Thursday, December 4, 2014

Hostile Bids and the UK "Put Up or Shut Up" Rule

Mergers and acquisitions in the U.K. are regulated by the Takeover Panel, a coalition of about 35 individuals from law, banking and industry.  A recent rule is altering the way deals are done in the U.K.   Under a controversial "Put Up or Shut Up" rule, potential bidders have 28 days to make a binding offer after acquisition intentions become known.  After that they must walk away for six months before attempting the deal again.  'Becoming known' apparently includes news leaks of a potential bid.  The following facts are from a very interesting article in the Wall Street Journal by Shayndi Rice:
  • The law was put in place in 2011 and has had greater impact this year as deals (including cross-border deals) have proliferated.
  • 'Put Up or Shut Up' is designed to make lengthy hostile deals less problematic for a potential target.

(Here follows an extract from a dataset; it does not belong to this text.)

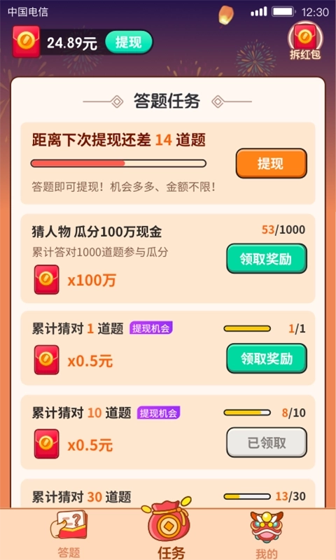 2.拿钱小技巧:邀请人一起玩,填好你的推荐码,你与盆友都能得到一个复生机遇,答错1题都不危害拿钱!

Proponents say it forces bidders to come to the table 'better prepared'.
  • The rule forces potential bidders to line up financing quickly.
  • Stryker Corp., Glencore, Carillion, and Pfizer had to walk away from deals this year because of the rule.
  • The article quotes Robert Gillespie, a former director general of the Takeover Panel as saying "I don't think there have been any unintended consequences of what we did."
Whoa!  Hold your horses!  I'll stop citing facts from the article and put on my professor hat.  Saying there are no unintended consequences is like waving a red flag in front of a finance professor/economist. Unintended consequences are very common and it is hard to imagine they don't apply here.  

One consequence is a slowdown in hostile deals.  This may, in fact, be intended, but a concurrent loss of economic efficiency is unlikely to be at the top of anyone's wish list.  Hostile deals can indeed be disruptive but keep in mind that they involve potential bidders bidding with their own money, offering premia to existing shareholders in return for the chance of their own gain.  

Hostile deals, activists, and even the threat of hostile deals serve as a disciplinary force of corporate governance.  When internal governance controls fail to maximize value, external forces will.   The net impact of this law is an empirical issue, and certainly hostile deals can be distracting and disruptive, but let's also keep in mind the negative effects of inefficiency and complacency.